Наверху что-то происходит, я слышу лай, чей-то взвизг, потом смех, потом Машин голос, — там в одной из комнат сейчас обитает Дина — сука лабрадора, месяца назад принесшая семь щенков, двоих забрали друзья, троих Виппенгеймы заранее продали через какой-то собачий сайт, а еще двое пока живут в доме, сейчас все наверху и смотрят их. Лео предлагает мне пойти с ним и выложить на гриль оставшиеся шашлыки и некоторое количество гамбургеров. Раздается топот ног по лестнице, на меня налетает Лиза с криками:
— I wanna have a dog! I wanna have a dog! Mark, Mark, please come upstairs and tell dad we can take a puppy!
I’m not a kid, I’m responsible, и поэтому я присаживаюсь перед ней и говорю:
— I can’t tell your dad what to do, dear, but why don’t try to talk to him yourself?
Она не то чтобы топает ножкой, а попрыгивает на месте обеими ногами сразу, производя довольно-таки много шума, и при этом взмахивает руками — в целом похоже на пытающегося взлететь цыпленка.
— No, no, — кричит Лиза, — dad says we can’t have a dog, because we already have you! Tell him you’re leaving and we can get a puppy!
Я медленно поднимаюсь, на месте желудка у меня сосущая черная дыра. Я встречаюсь взглядом с Доной Хемфри, она быстро отворачивается и делает вид, что ничего не слышала, я беру Лизу за руку, и мы выходим в коридор.
— Лиза, — говорю я по-русски, — что папа сказал?
— He said we can’t have a dog since we already have Mark, and mom said you’re leaving soon, — говорит присмиревшая Лиза уже потише, явно понимая, что сболтнула что-то не то.
Я смотрю на висящую в коридоре на стене тарелочку с видом Дрездена и замечаю возле одного из зданий маленькую черную кошку.
— Детка, — говорю я Лизе, — я пойду домой, а ты скажи маме, что у меня очень болит голова, хорошо?

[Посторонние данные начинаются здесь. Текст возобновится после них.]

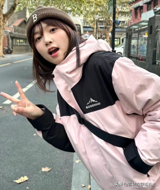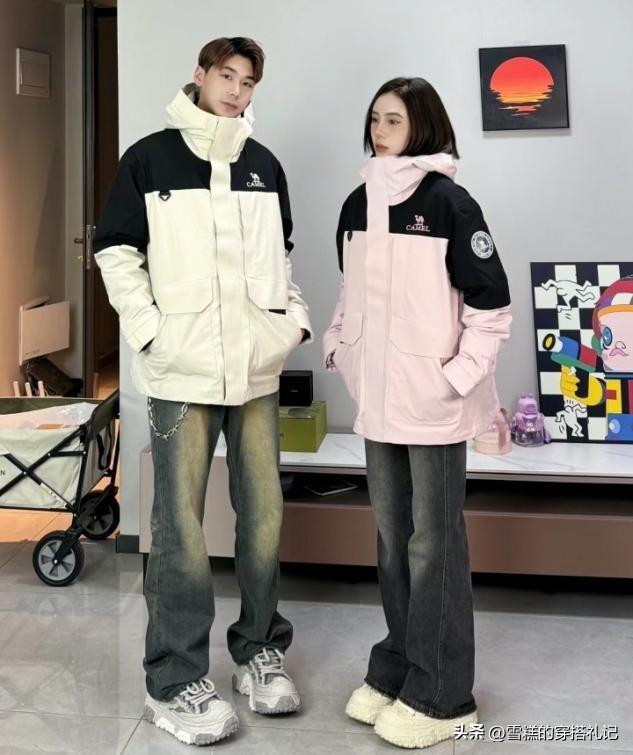 羽絨衝鋒衣的配色也是豐富多彩的,遠比我們羽絨服款式的挑選要更加豐富,米色和粉色系都屬於經典的淺色,在視覺上看起來超級嫩,也很適合皮膚偏白皙的女生,和對象組合情侶服也是很不錯的選擇。

Маша прибегает, когда я уже лежу у себя в комнате, закрыв жалюзи. Черная дыра у меня внутри расползлась, она захватила низ грудной клетки и низ живота, ее заливает тяжелая вязкая жидкость, и сам я чувствую себя таким тяжелым, совершенно неподъемным, неспособным пошевелиться, я спеленут холодом, как младенец в ледяной люльке — hush-a-bye, baby, on the tree top. Я лежу с закрытыми глазами, но все равно вижу, как надо мной ходит мелкой рябью темная листва, и в ее шорохе, в ее меняющихся очертаниях начинает складываться общая картина, — картина, о которой я ни разу не задумался, потому думал только о своей любви, сладко тянущей меня за жилы, забивающей глаза разноцветным песком, держащей меня за горло белой ладонью — так, чтобы от нехватки кислорода колотилось сердце и наступала головокружительная эйфория, вспыхивающая сильнее каждый раз, когда эта женщина смотрит на меня, смеется, ищет в связке нужный ключ, поднимает с пола дочкину заколку с бегемотиком. When the wind blows, the cradle will rock.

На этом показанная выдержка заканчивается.